-- REQUIRED WORK --
Return the lines of the material below exactly, beginning with the line that has "la note de 5/5" in it and finishing with the line that has "Tuval üzerine yağlı boya ve akrilik" in it. Leave all pictures aside.

-- SOURCE DATA --
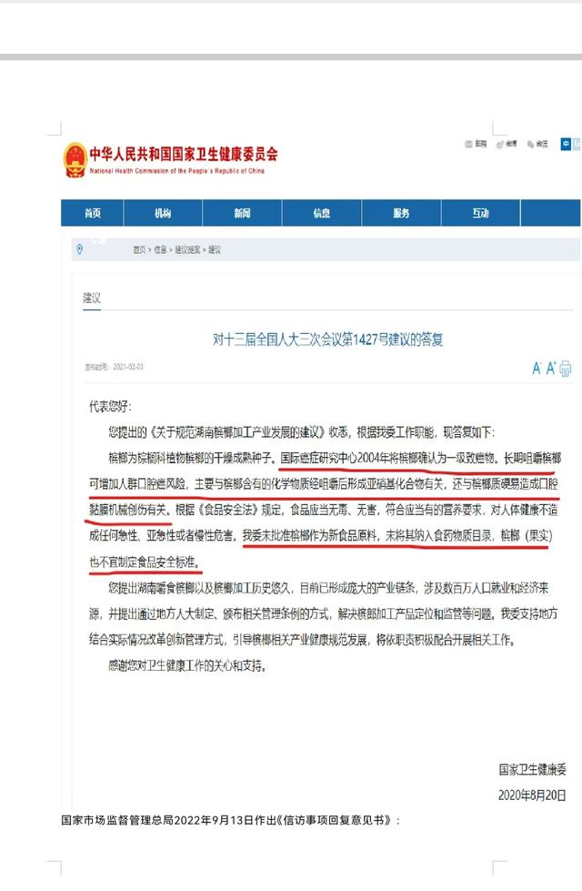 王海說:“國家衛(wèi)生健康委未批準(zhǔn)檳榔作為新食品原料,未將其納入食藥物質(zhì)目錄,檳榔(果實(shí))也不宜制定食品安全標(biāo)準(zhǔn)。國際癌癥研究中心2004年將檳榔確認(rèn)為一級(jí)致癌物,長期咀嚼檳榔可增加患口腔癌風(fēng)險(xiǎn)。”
...
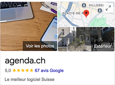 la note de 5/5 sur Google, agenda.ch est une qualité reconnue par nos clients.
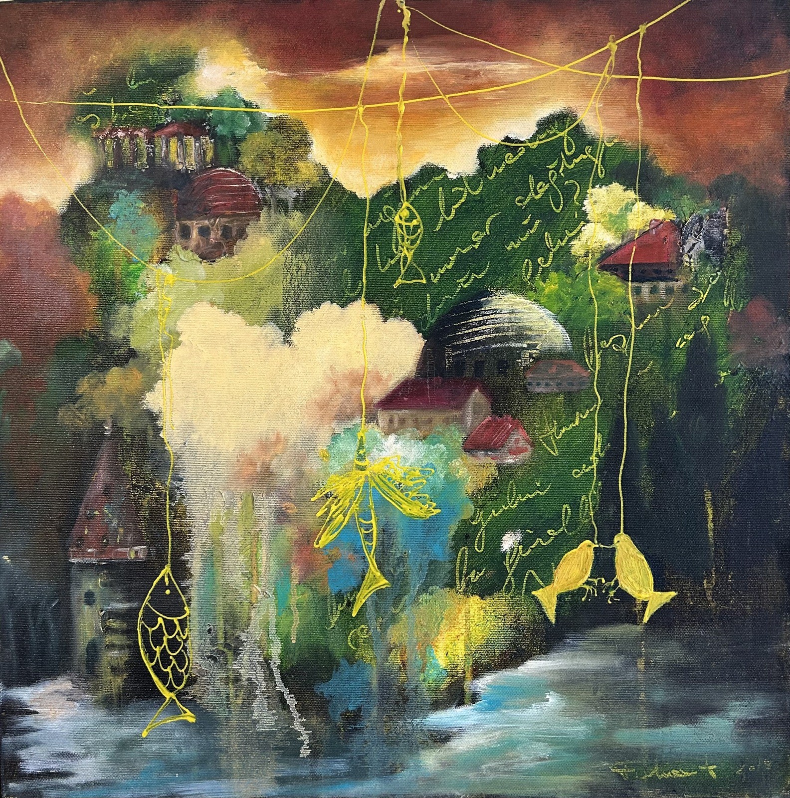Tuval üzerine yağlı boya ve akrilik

-- RESULT OF THE TASK --
 la note de 5/5 sur Google, agenda.ch est une qualité reconnue par nos clients.
Tuval üzerine yağlı boya ve akrilik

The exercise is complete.